→ WHAT NEEDS TO BE DONE
With the pictures left out, restate exactly the part below that opens with the line containing "Woman Tie Dye" and closes with the line containing "In der schamanischen".

→ SUPPLIED INFORMATION
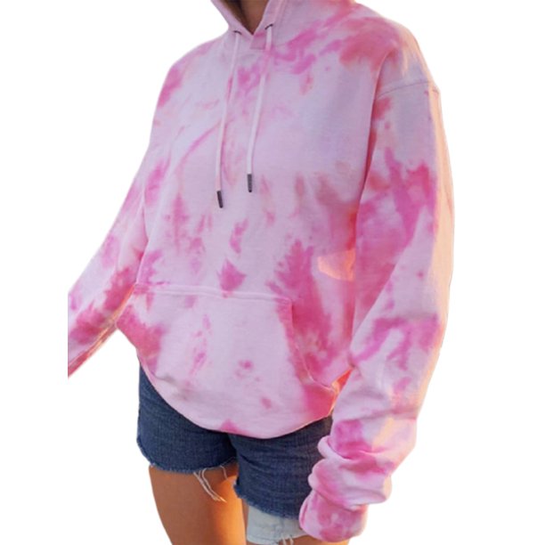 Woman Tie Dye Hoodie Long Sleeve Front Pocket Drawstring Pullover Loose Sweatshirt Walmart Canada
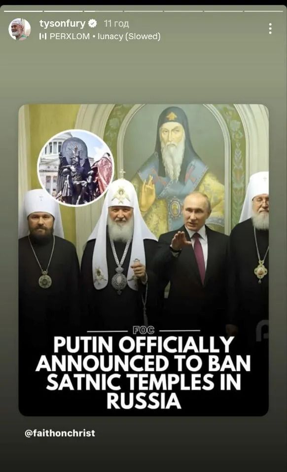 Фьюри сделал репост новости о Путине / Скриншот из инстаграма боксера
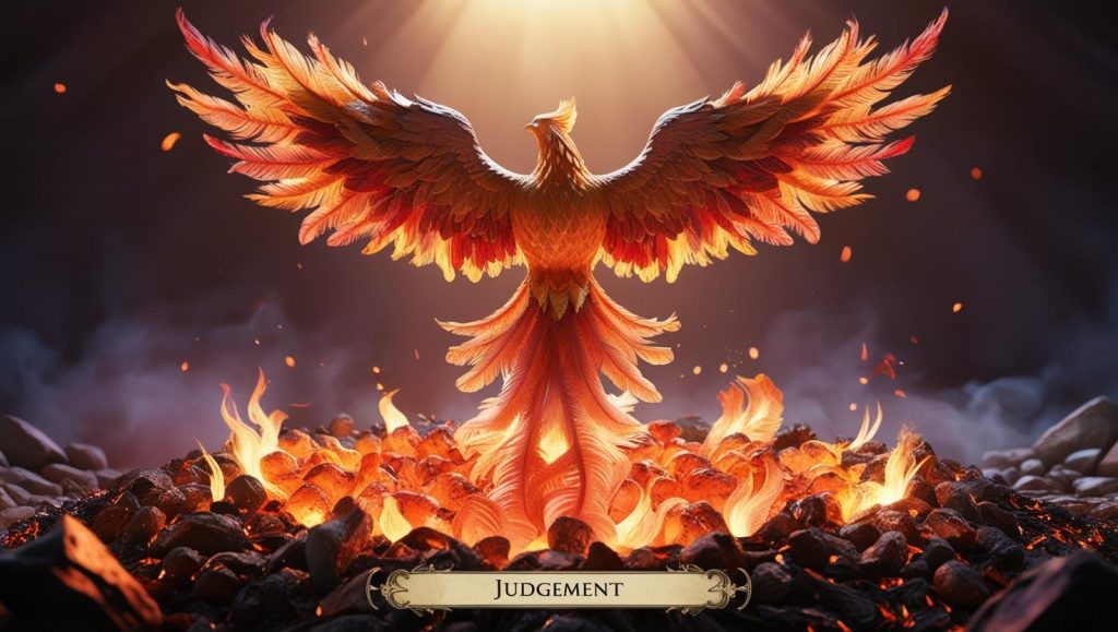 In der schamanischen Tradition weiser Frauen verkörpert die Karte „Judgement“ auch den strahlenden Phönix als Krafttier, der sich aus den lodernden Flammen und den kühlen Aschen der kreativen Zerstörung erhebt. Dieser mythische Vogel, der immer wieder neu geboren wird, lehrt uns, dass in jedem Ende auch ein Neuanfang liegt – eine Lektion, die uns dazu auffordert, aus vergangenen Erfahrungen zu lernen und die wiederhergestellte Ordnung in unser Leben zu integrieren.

--

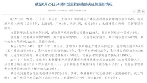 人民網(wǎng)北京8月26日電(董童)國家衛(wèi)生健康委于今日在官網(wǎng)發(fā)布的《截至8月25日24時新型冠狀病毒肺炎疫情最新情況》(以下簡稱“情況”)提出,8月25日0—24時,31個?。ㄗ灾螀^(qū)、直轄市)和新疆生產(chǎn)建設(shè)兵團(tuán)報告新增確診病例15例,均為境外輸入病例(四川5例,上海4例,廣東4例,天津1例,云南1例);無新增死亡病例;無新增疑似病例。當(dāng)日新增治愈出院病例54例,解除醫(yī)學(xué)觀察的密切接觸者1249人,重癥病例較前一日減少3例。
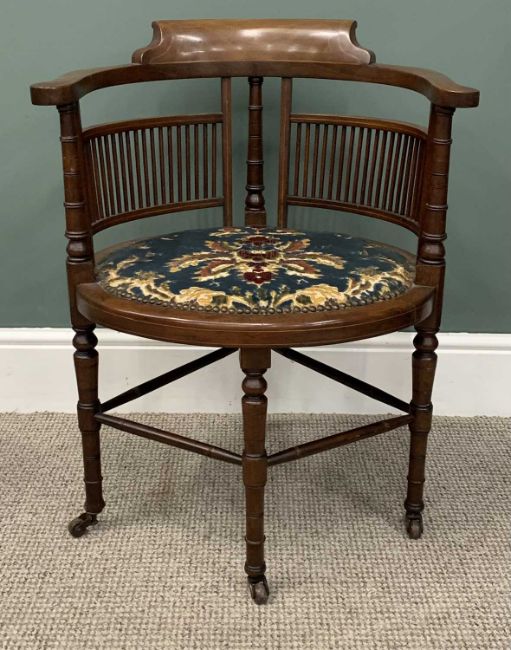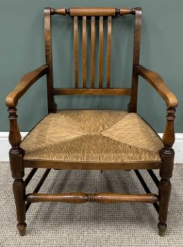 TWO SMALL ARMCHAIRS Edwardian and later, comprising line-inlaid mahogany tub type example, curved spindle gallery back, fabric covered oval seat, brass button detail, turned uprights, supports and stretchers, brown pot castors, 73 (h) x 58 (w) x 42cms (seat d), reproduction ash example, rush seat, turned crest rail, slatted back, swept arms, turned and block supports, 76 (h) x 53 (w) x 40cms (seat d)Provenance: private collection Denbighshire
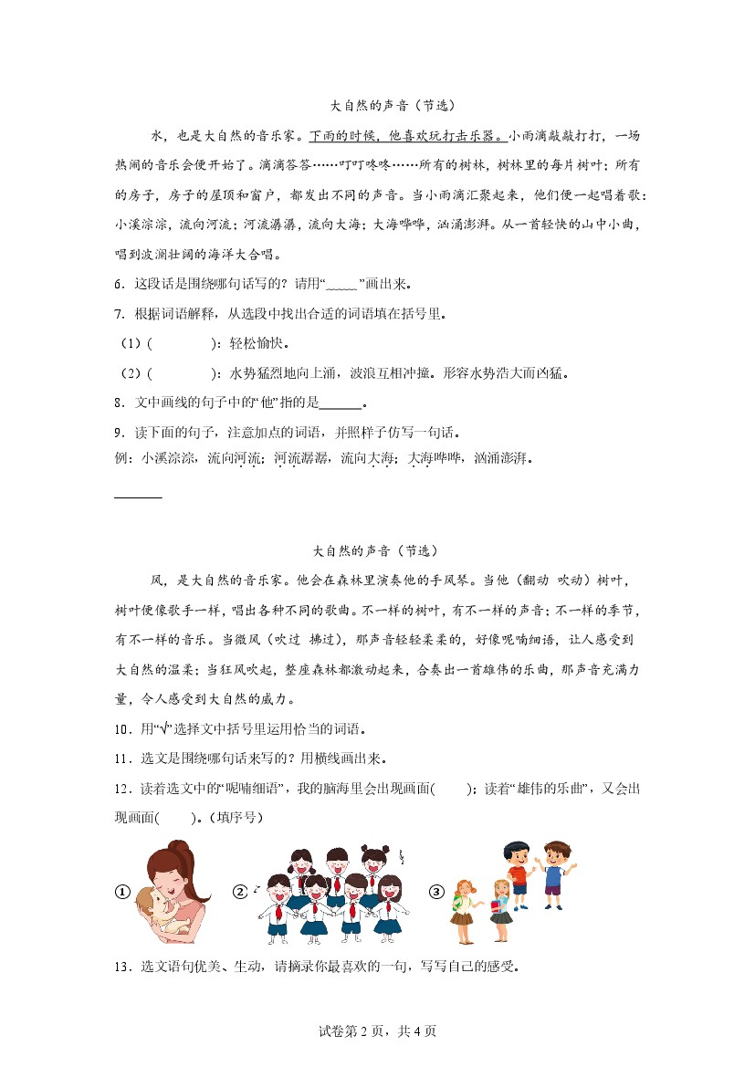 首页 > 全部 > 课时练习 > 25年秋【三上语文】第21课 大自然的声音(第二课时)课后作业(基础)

→ TASK RESULT
 Woman Tie Dye Hoodie Long Sleeve Front Pocket Drawstring Pullover Loose Sweatshirt Walmart Canada
 Фьюри сделал репост новости о Путине / Скриншот из инстаграма боксера
 In der schamanischen Tradition weiser Frauen verkörpert die Karte „Judgement“ auch den strahlenden Phönix als Krafttier, der sich aus den lodernden Flammen und den kühlen Aschen der kreativen Zerstörung erhebt. Dieser mythische Vogel, der immer wieder neu geboren wird, lehrt uns, dass in jedem Ende auch ein Neuanfang liegt – eine Lektion, die uns dazu auffordert, aus vergangenen Erfahrungen zu lernen und die wiederhergestellte Ordnung in unser Leben zu integrieren.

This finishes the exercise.